Mas, segundo o mito, como Baco instaurou seu culto na Grécia Ocidental?

A história de Dioniso (Baco) na mitologia greco-romana

A mitologia romana praticamente deriva da grega. Essas lendas e mitos não são contados durante os séculos de forma coerente. As contradições são regra básica quando estudamos os deuses gregos e a história de Dioniso também tem diferentes versões. Algumas vezes é identificado como o antigo Deus da fertilidade Liber Pater, e em outras como o sucessor do deus Zagreu. Outras ainda, o chamam de próprio Zagreu, filho de Perséfone. A versão mais clássica é aquela na qual o deus do vinho é o fruto de uma paixão de Zeus (Júpiter para os romanos), o rei do Olimpo, com a princesa Sêmele, filha do Rei Cadmo de Tebas. Portanto, dos deuses mais importantes, Dioniso é o único descendente de uma mortal. Talvez aí começa a beleza dessa mitologia - a ligação de Dioniso com a terra. Zeus se apaixonou por Sêmele e a engravidou. Quando sua esposa Hera (Juno para romanos) descobriu, decidiu matar a criança. Assumiu a forma de um mulher e persuadiu Sêmele a exigir que o pai da criança se mostrasse com todo seu esplendor para comprovar que era mesmo o Rei dos Deuses. Ao fazer isso, Zeus sem querer, fulminou sua amada, que morreu em chamas. No entanto, ele conseguiu salvar a criança prematura das cinzas e enxertou-a em sua coxa, onde terminou a gestação. Na versão de Creta, Dioniso era filho de Perséfone. Hera ao descobrir a criança, enviou os titãs para despedaçá-la. Zeus chega tarde demais, mata os titãs e recebe apenas o coração de Dioniso pelas mãos de Atena. Ele então, enxerta o coração do bebê em sua coxa, e posteriormente dá a luz ao renascimento de Dioniso.
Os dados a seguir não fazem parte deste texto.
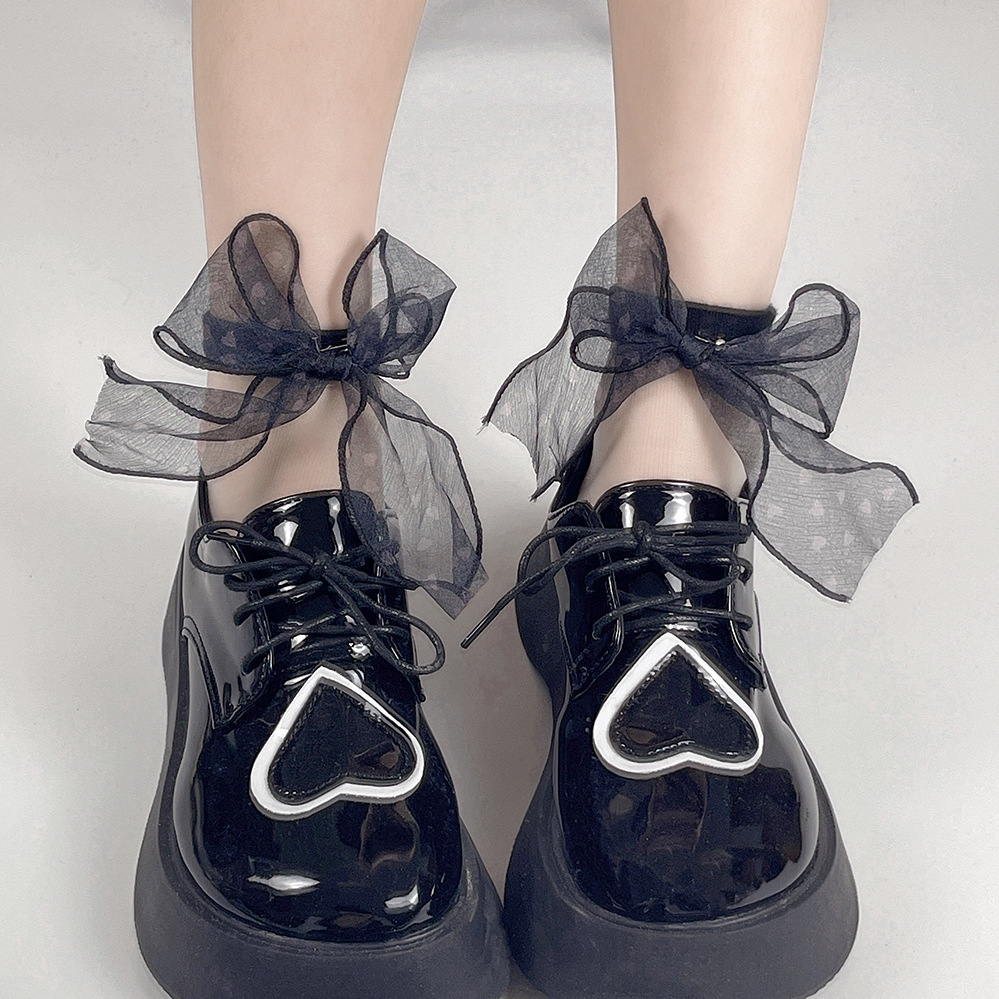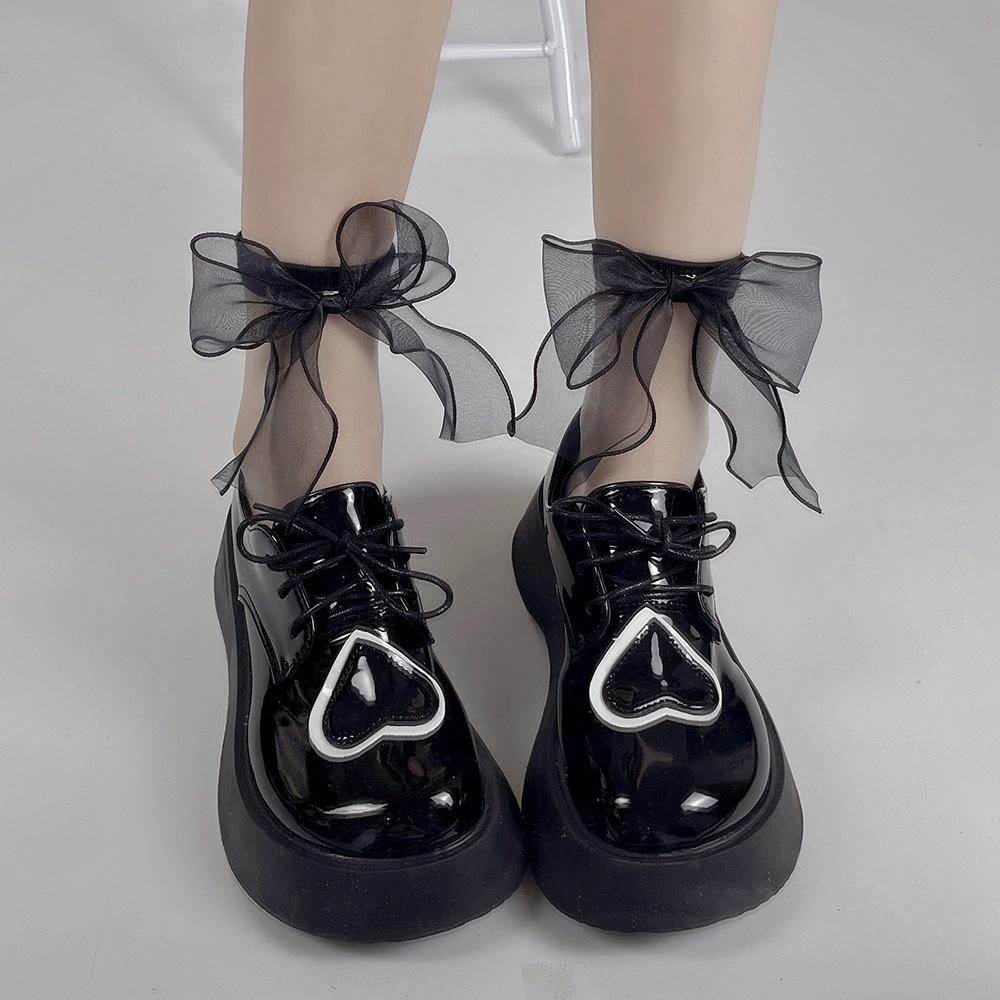 일본 초박형 유리 실크 물방울 무늬 활 짧은 양말 케이스 투명 소녀의 더미 양말 로리타 JK 양말
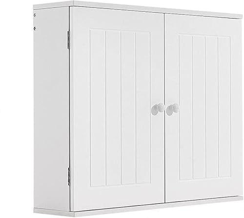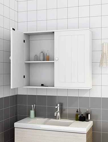 Meuble de Salle de Bain, Armoire Murale Suspendu avec 2 Portes pour Salle de Bain Couloir Salon, 60 x 15 x 50 cm, Blanc
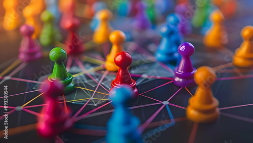 Colorful game pieces interconnected by lines, representing social network, communication, and collaboration on a dark surface.
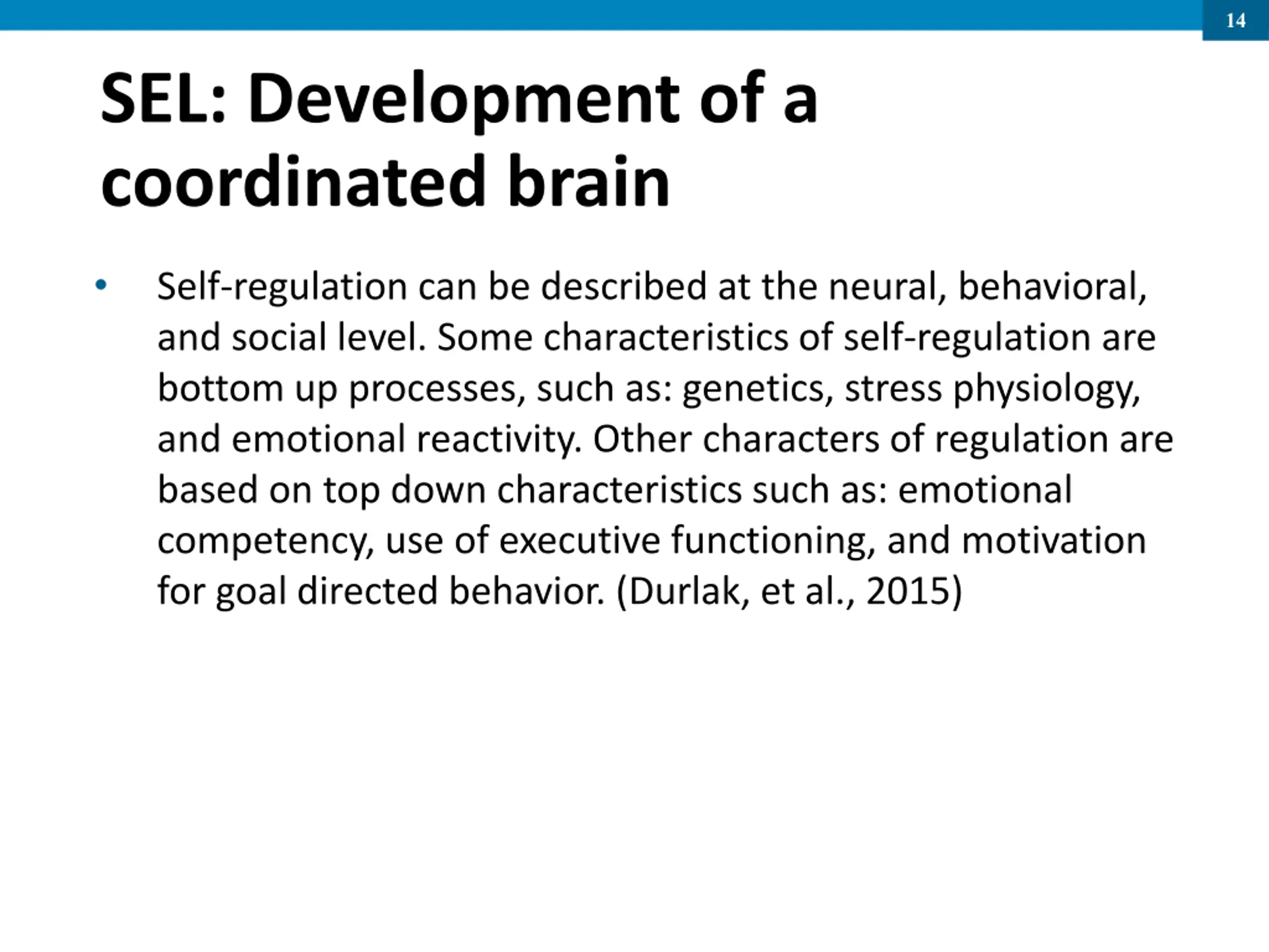 14 SEL: Development of a coordinated brain Self-regulation can be described at the neural, behavioral, and social level. Some characteristics of self-regulation are bottom up processes, such as: genetics, stress physiology, and emotional reactivity. Other characters of regulation are based on top down characteristics such as: emotional competency, use of executive functioning, and motivation for goal directed behavior. (Durlak, et al., 2015)

Mosaico em Pafos (ou Paphos), na ilha de Chipe, também chamada de Casa de Dionísio.

 Mosaico em Pafos (ou Paphos), na ilha de Chipre, também chamada de Casa de Dionísio.

Ambos os casos, o ponto central do culto a Dioniso, que ficou conhecido como o deus que nasceu e morreu duas vezes, é justamente a morte e o renascimento. Após nascer, o pequeno deus, foi entregue aos cuidados das ninfas do Monte Nysa, e longe da ira de Hera. Outra versão conta que a ilha na verdade é a de Naxos. Com o tempo, Hera descobriu que Dioniso ainda estava vivo e rogou-lhe uma loucura que o fez vagar pelo mundo como um andarilho. Nessas andanças foi até a Índia, e na volta descobriu o vinho. Voltou a Grécia espalhando seu culto e recrutando as mulheres – também chamadas de bacantes – que o seguiam nas festas. Com a ajuda de seu tutor e amigo Sileno, um velho beberrão, ensinou os mistérios do vinho para o mundo.
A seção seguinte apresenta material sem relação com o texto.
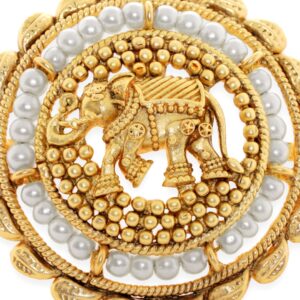Adorn your fingers with ‘ 22K Gold-Plated Beaded Elephant Charm Finger Ring. This unique and stylish ring features a delightful elephant charm, exuding charm and grace. With its intricate beaded design and gold-plated finish, it adds a touch of exotic elegance to your jewelry collection. Make a captivating statement with this exquisite finger ring. Occasion : Bring your style to a whole new level with this handcrafted piece of jewellery. When you’re celebrating a special Occasion : – a birthday, wedding, or personal milestone – this piece adds that extra something that makes us feel special and looking our best. Material & Care Dimension : Adjustable Material : Brass Care Label : It is advisable to avoid contact with water and organic chemicals i.e. perfume sprays. Store jewellery in airtight box. After use, wipe the jewellery with soft cotton cloth.
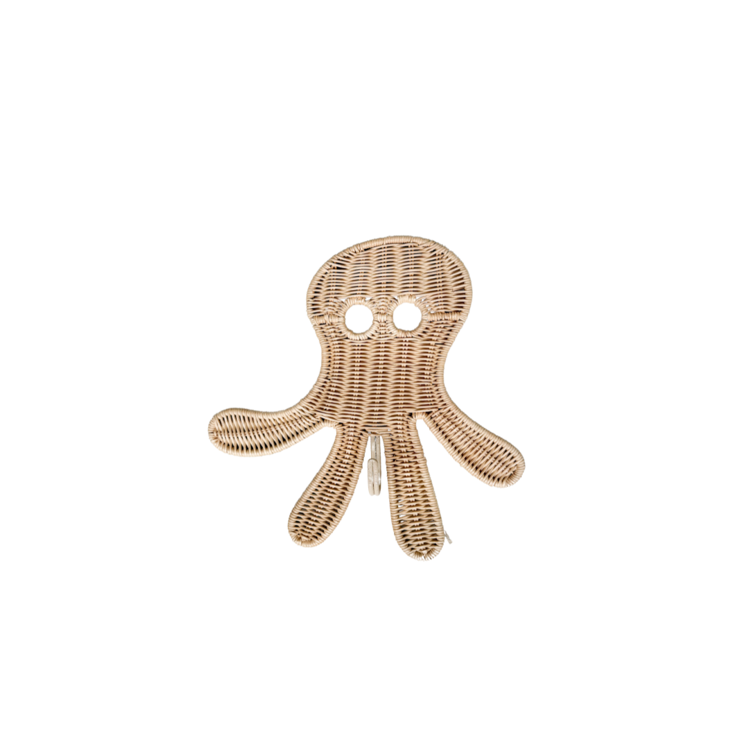 Oswald de Octopus wandhaak, verkrijgbaar in 2 maten, handgemaakt van hoogwaardige rotan, combineert op speelse wijze een onder water thema met de natuurlijke charme van handgeweven materialen. Het design toont een gedetailleerde, sierlijke octopusvorm.

A descoberta do vinho por Baco

Alguns creditam a Sileno o ensinamento sobre vinho ao jovem deus, mas o poeta romano Nono de Panópolis, descreve em seu poema Dionisíaca o momento da descoberta do vinho por Dioniso dessa forma: "Quando Baco viu o suco abundante das uvas selvagens esmagadas, lembrou da profecia do oráculo que sua mãe adotiva Rheia tinha lhe falado há muito tempo. Ele então, escavou um buraco grande na pedra,  e com uma outra pressionou os cachos de uvas. Foi a primeira prensa de vinho. " O esmagamento das uvas no processo do vinho reflete a lembrança do próprio deus sendo esmagado pelos titãs. O poeta não conta como a fermentação ocorreu, mas a lenda diz que ao guardar o líquido, ele fermentou e assim surgiu o vinho.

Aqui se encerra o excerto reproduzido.